È ovvio che nello svolgimento della sua attività un architetto debba attenersi alle leggi, alla deontologia, ai principi della correttezza e dell’etica. Tuttavia negli eventi della vita ci si può trovare di fronte a casi di coscienza. Che fare ad esempio se si dovesse scegliere tra compiere un’irregolarità o salvare una vita?
Detto così può sembrare un’esagerazione, e un po’ lo è, ma serve a inquadrare sinteticamente una situazione piuttosto complessa ma reale.

Molti anni fa un parroco ebbe un brutto infarto. Sopravvisse, ma abitava a un piano alto in un edificio antico con scale tortuose, dove era impossibile istallare un ascensore o un servoscala. Questo gli causava molti problemi perché tante persone avevano continuamente bisogno di lui, e lui non si negava a nessuno; ma così ogni giorno si rinnovava il rischio. Per prudenza avrebbe dovuto lasciare la parrocchia e trasferirsi, ma questa era l’ultima cosa che avrebbe voluto fare e che nessuno si augurava, perché lui era il collante di una comunità molto attiva che era riuscito a creare con gli anni superando molte difficoltà.

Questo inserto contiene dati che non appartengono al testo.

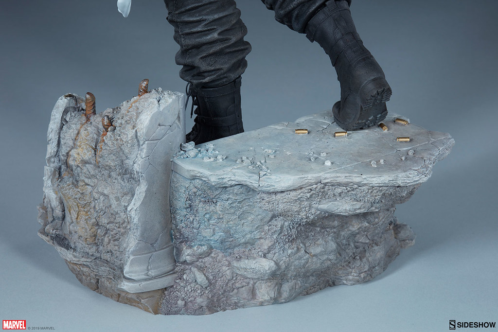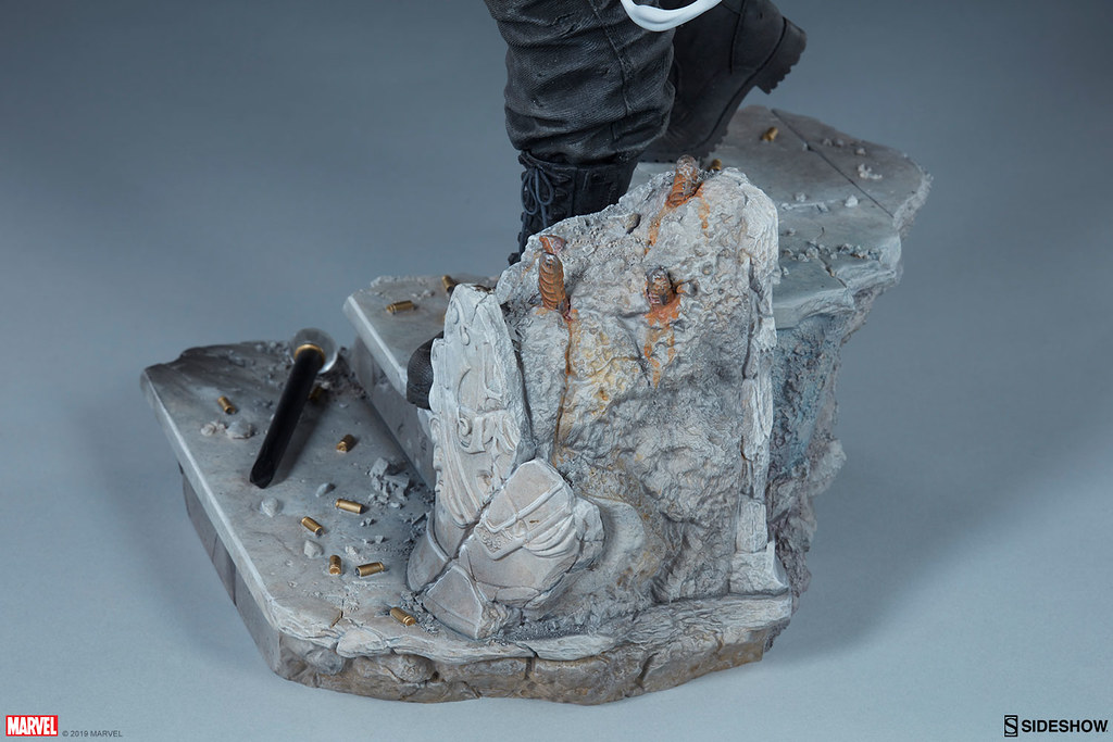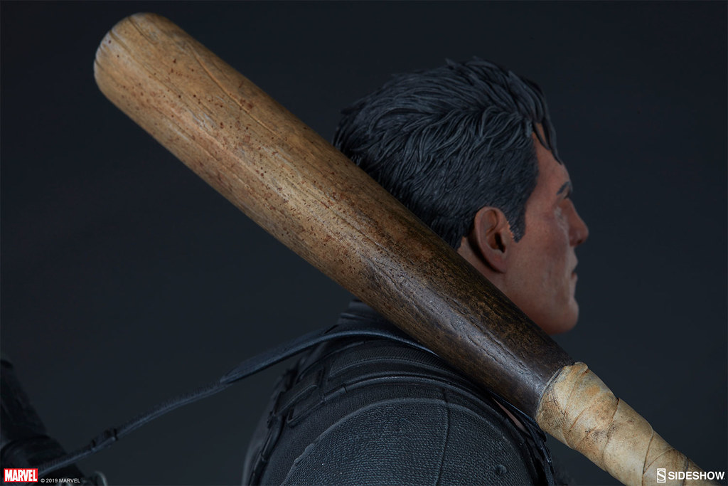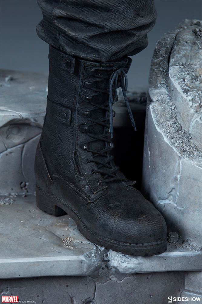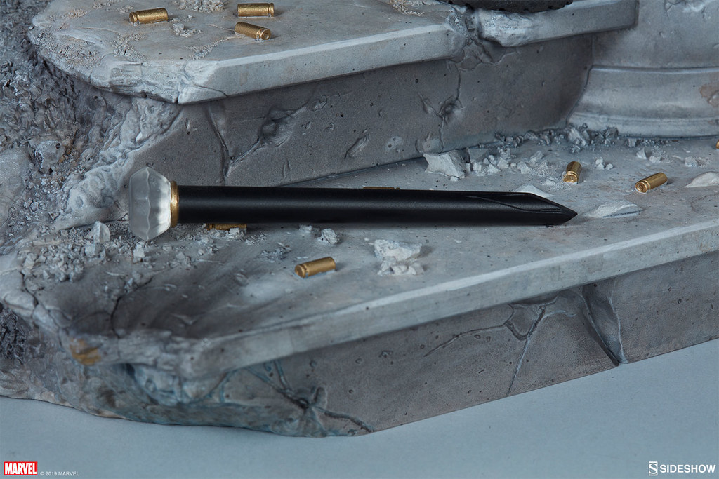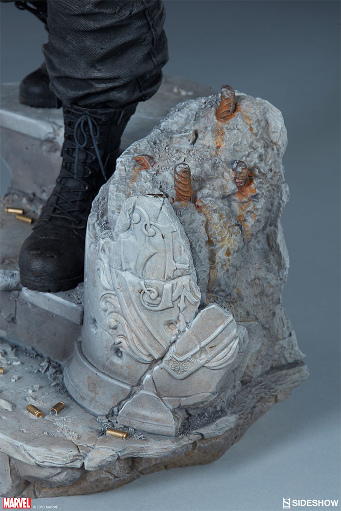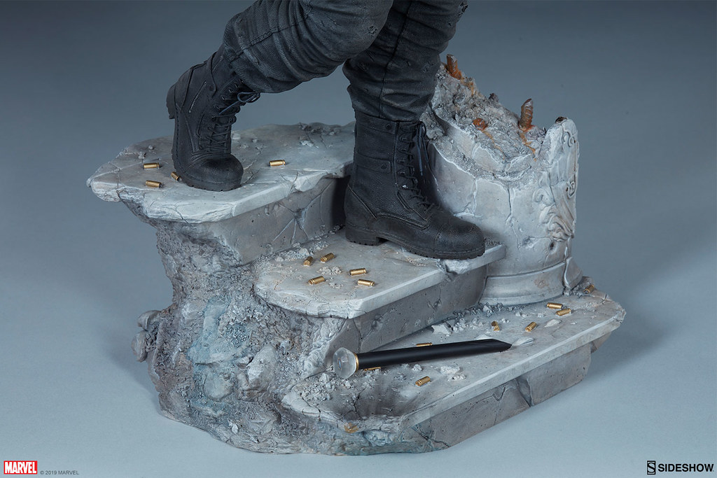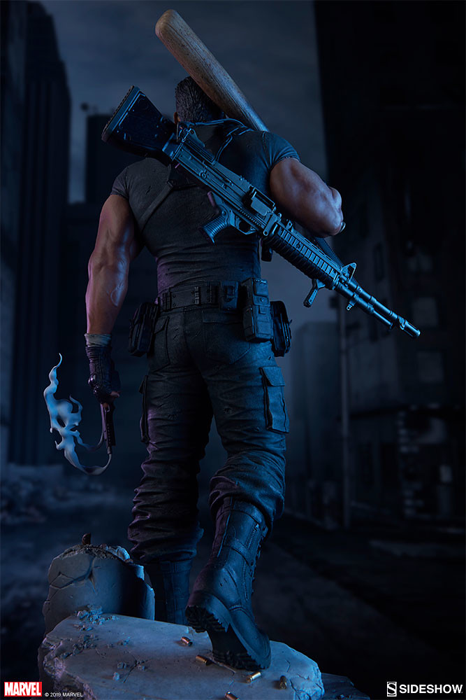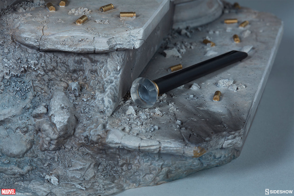 「制裁者 1/4 比例全身雕像」高約58.8 公分,有著壯碩魁武的身軀,結實的肌肉與一身配掛的戰術配備給人極具魄力的視覺效果!右手握著球棒靠在肩上、左手則呈現持槍的狀態,有趣的是從槍口冒出來的硝煙竟然有著白色骷髏的造型!印製了白色骷髏的短袖T-Shirt、黑色工作褲、長靴都做出了寫實的舊化破損處理,球棒、手背上的血跡、臉上的傷痕更是十分逼真!以階梯為題製作的地台不但有著散落一地的彈殼,還能看到金霸王(Kingpin)鑲有鑽石的手杖斷了一截掉在地上,為本作更添故事性。

Un giorno però qualcuno scopre che esiste la possibilità di realizzare un ascensore in un posto che nessuno aveva preso in considerazione. Purtroppo però una modifica del genere, benché nascosta e assai poco invasiva, molto difficilmente avrebbe potuto ottenere le necessarie approvazioni, e comunque in tempi lunghissimi.
In qualche modo si ripropose così, per un semplice ascensore, l’antica questione di Antigone: la legge diceva una cosa, ma il cuore ne diceva un’altra. Che fare?

In parrocchia tutti decisero di seguire l’esempio di Antigone. Salvo il parroco, che si astenne.